Illustrations: Saahil

There has been carnage on the crypto street. The crypto market capitalisation has dipped drastically in the last six months, and all major cryptocurrencies have lost two-third of their values from their peaks.

The crypto market capitalisation touched $3 trillion in November 2021, up from $620 billion in 2017, riding on a wave of popularity among investors, but went in for a sharp correction in the last six months; it is now again below the $1 trillion mark.

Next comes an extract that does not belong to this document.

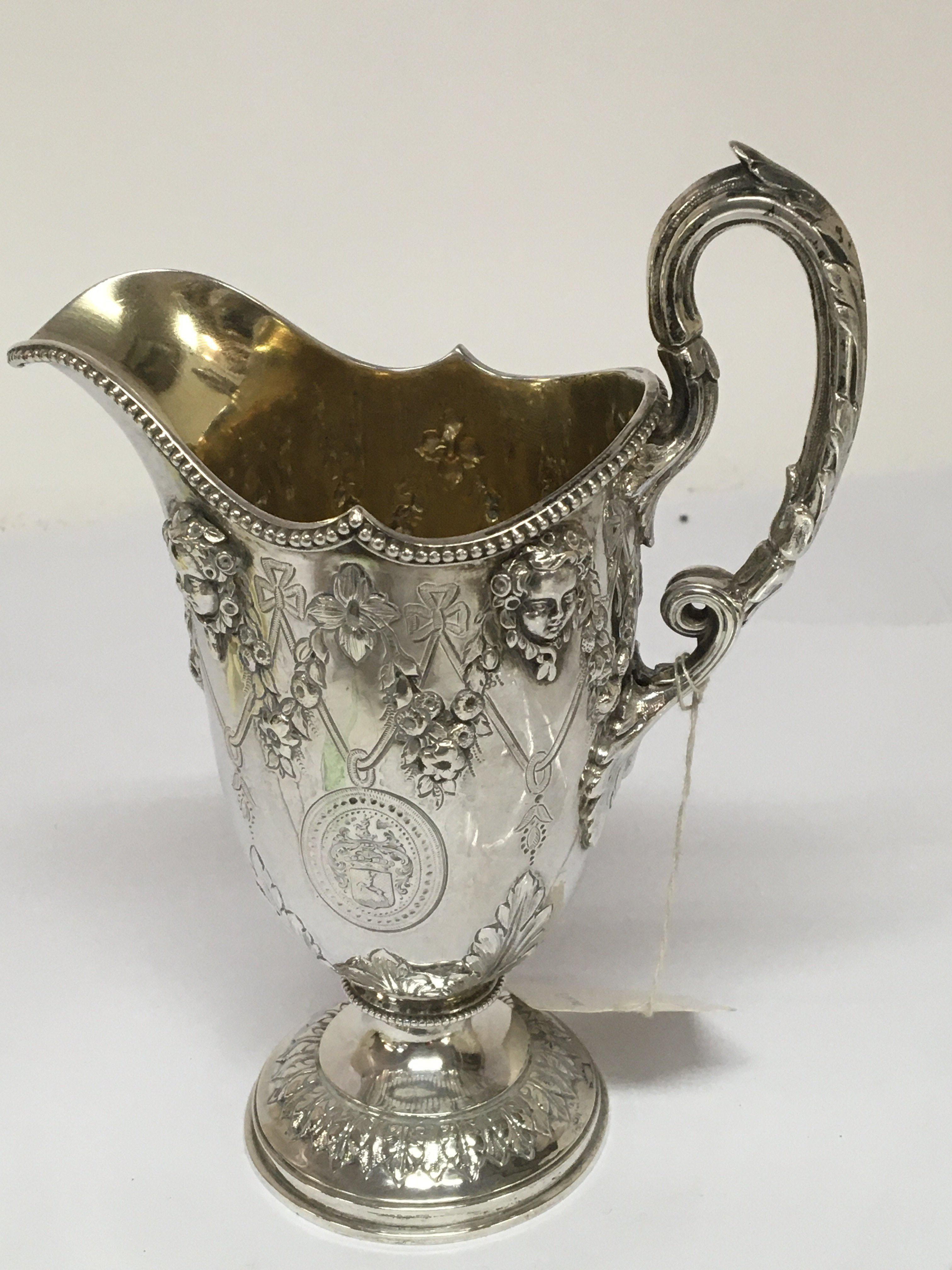 A Quality Victorian silver and parcel gilt cream jug decorated with raised masks and garlands London 1861 hallmarks height 17cm 272g

Bitcoin (BTC), the world’s largest and oldest cryptocurrency, is down by over 70 per cent from its peak of $67,566 on August 11, 2021, to $19,017 as on June 18, 2022. Ethereum (ETH), the second-largest cryptocurrency, is moving in tandem with Bitcoin.

The sharp contrast between where these cryptocurrencies were a year ago and where they are now has sent shockwaves among crypto investors who wanted to experience the thrill of investing in a new asset class that promised them quick wealth. Sample this: On June 18, 2021, the price of Bitcoin shot up to $35,787, a jump of 280 per cent from $9,411 on June 18, 2020. These investors lost almost half of their wealth on June 18, 2022.

The naysayers are now arguing that the crypto price gyrations prove that these assets are highly volatile and nothing more than gambling instruments. Recently, Microsoft founder Bill Gates in a TechCrunch conference said that “crypto currencies and NFTs are based on greater fool theory”. In economics, the “great fool theory” suggests that it does not matter what price (high) you pay for an asset given that there is a great fool out there who will buy the assets at an even higher price.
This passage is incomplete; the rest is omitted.